Chanda robertsi
- Conservation status: Data Deficient (IUCN 3.1)

Scientific classification
- Kingdom: Animalia
- Phylum: Chordata
- Class: Actinopterygii
- Order: Mugiliformes
- Family: Ambassidae
- Genus: Chanda Bleeker, 1874
- Species: C. robertsi
- Binomial name: Chanda robertsi Datta & Chaudhuri, 1993
- Synonyms: Parambassis robertsi (Datta & Chaudhuri, 1993); Pseudambassis roberti Datta & Chaudhuri, 1993;

= Chanda robertsi =

- Authority: Datta & Chaudhuri, 1993
- Conservation status: DD
- Synonyms: Parambassis robertsi (Datta & Chaudhuri, 1993), Pseudambassis roberti Datta & Chaudhuri, 1993
- Parent authority: Bleeker, 1874

Species of ray-finned fish

Chanda robertsi is a species of ray-finned fish in the family Ambassidae, the Asiatic glassfishes.
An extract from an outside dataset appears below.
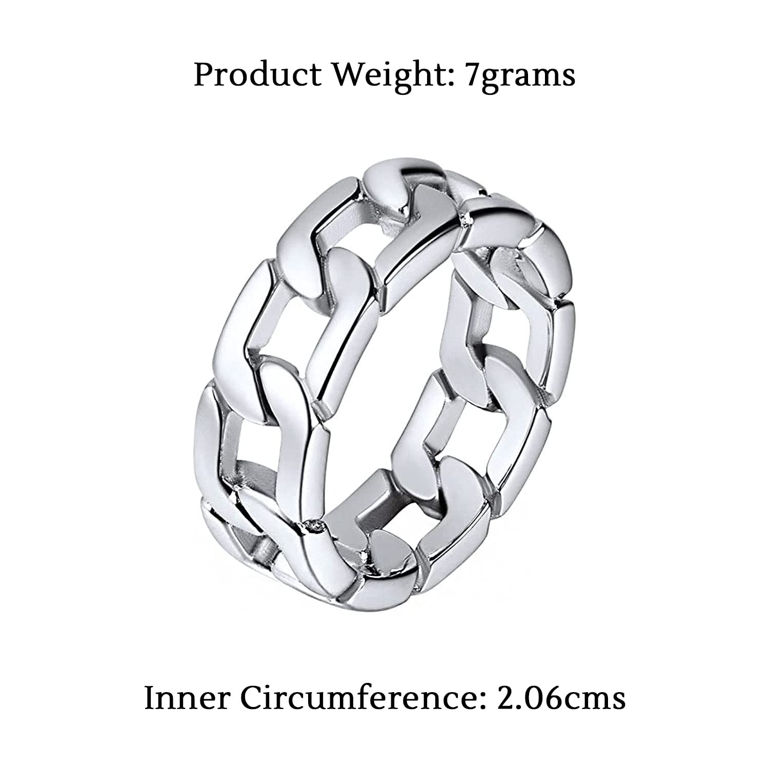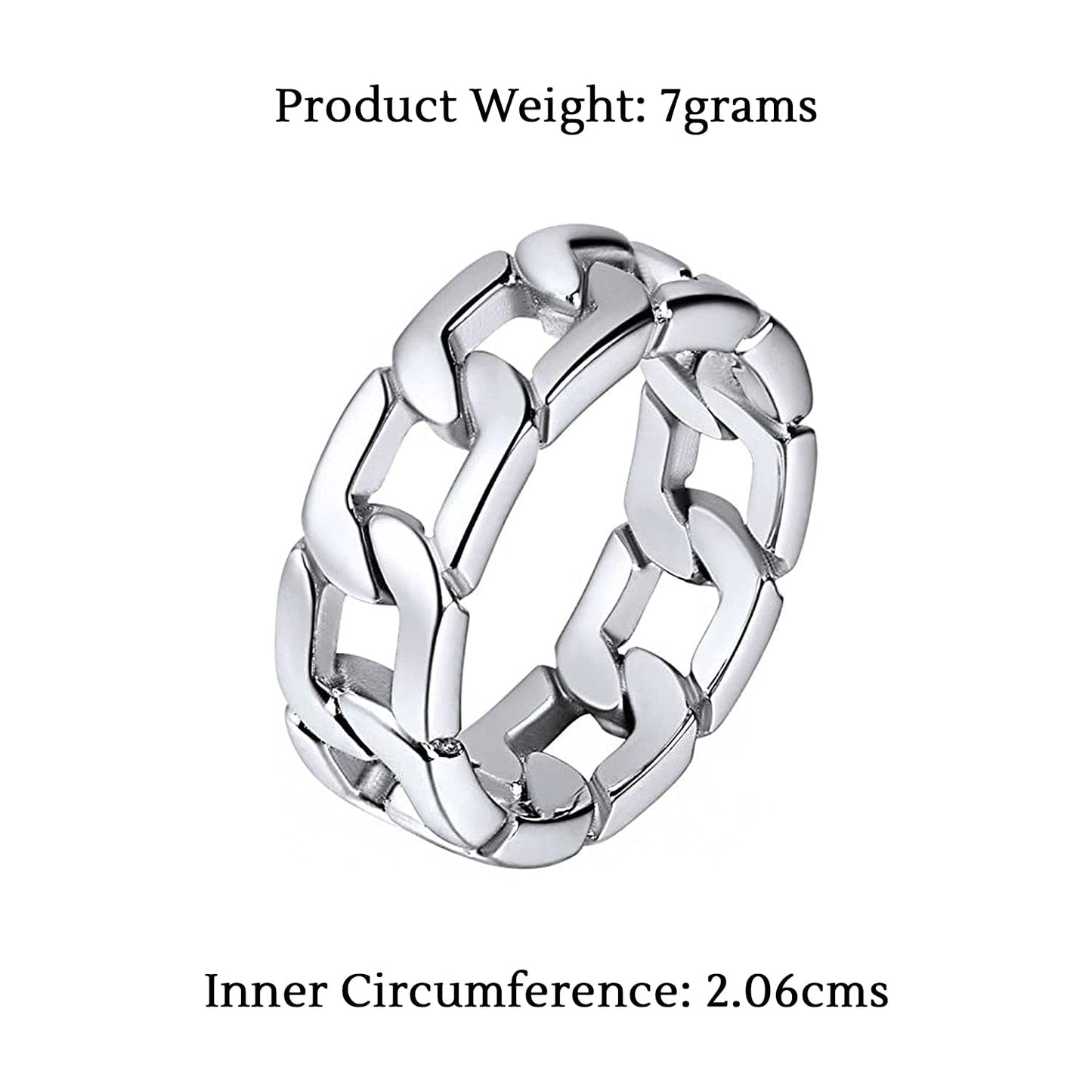 Introducing the Yellow Chimes Silver Chain Ring, a perfect blend of classic style and modern durability. Crafted from premium quality stainless steel, this ring is designed for men and boys who appreciate both fashion and functionality.

It was the sole species in the genus Pseudambassis. It is endemic to Burma. The Catalog of Fishes classified this species as Parambassis robertsi between 2012 and 2024, but now classifies it as Chanda. The specific name honours the American ichthyologist Tyson R. Roberts but the specific name was misspelt as "roberti" throughout the initial description.